Rapidamente Gideão congregou 32.000 soldados. Ainda eram poucos para um exército inimigo com 135.000 soldados bem treinados. O que Gideão não sabia era que o Deus que ele provou sem questioná-lo agora iria colocá-lo à prova também (vs. 1-3).
Deus alegou que 32.000 soldados era demais para enfrentar 135.000 inimigos. Pediu-lhe que despedisse medrosos e tímidos. Surpreendentemente, 22.000 soldados afrouxaram. Coitado de Gideão! Agora, 10.000 contra 135.000. Para piorar, Deus ainda insistiu que eram muitos; deveria reduzir esse número: A segunda prova (vs. 4-6).
Com 300 soldados, Deus venceu para Israel um exército de 135.000 inimigos opressores (veja detalhes nos versos 7-25).
Aplicações pessoais:
1. A liderança que funciona é aquela regida por Deus.

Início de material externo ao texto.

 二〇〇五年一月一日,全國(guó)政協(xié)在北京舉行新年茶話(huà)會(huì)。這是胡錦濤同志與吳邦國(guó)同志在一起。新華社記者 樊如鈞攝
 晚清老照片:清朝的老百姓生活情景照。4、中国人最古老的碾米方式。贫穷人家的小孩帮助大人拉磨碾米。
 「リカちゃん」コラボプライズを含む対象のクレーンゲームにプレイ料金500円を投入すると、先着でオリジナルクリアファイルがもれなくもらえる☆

Os melhores líderes não são os mais ousados, mais habilidosos ou mais criativos, mas os mais submissos à regência divina.
2. O líder bom é aquele que amadurece permitindo que Deus o conduza pelas provas oriundas de Suas orientações. O desafio colocado por Deus seguido pela fé gera homens e mulheres vitoriosos.

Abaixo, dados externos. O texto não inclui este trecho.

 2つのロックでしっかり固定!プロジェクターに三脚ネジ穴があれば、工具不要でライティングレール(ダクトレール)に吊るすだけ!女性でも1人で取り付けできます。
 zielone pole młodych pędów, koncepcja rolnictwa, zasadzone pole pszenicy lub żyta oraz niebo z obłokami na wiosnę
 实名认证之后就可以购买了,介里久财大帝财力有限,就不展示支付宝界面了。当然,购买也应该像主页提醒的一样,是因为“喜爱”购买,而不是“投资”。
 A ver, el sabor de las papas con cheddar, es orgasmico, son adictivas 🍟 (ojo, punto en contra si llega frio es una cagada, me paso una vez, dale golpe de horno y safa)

3. Seguir à voz de comando de Deus em toda e qualquer situação é o segredo do verdadeiro e miraculoso sucesso enquanto atravessamos este mundo tenebroso.
4. Deus não precisa de muita gente para fazer milagres neste planeta dominado pelo diabo e seus anjos, Ele precisa de alguém que se dispõe a ser orientado por Ele.
5. Deus age quando Lhe damos permissão total.
“Senhor, opera também em mim!” – Heber Toth Armí.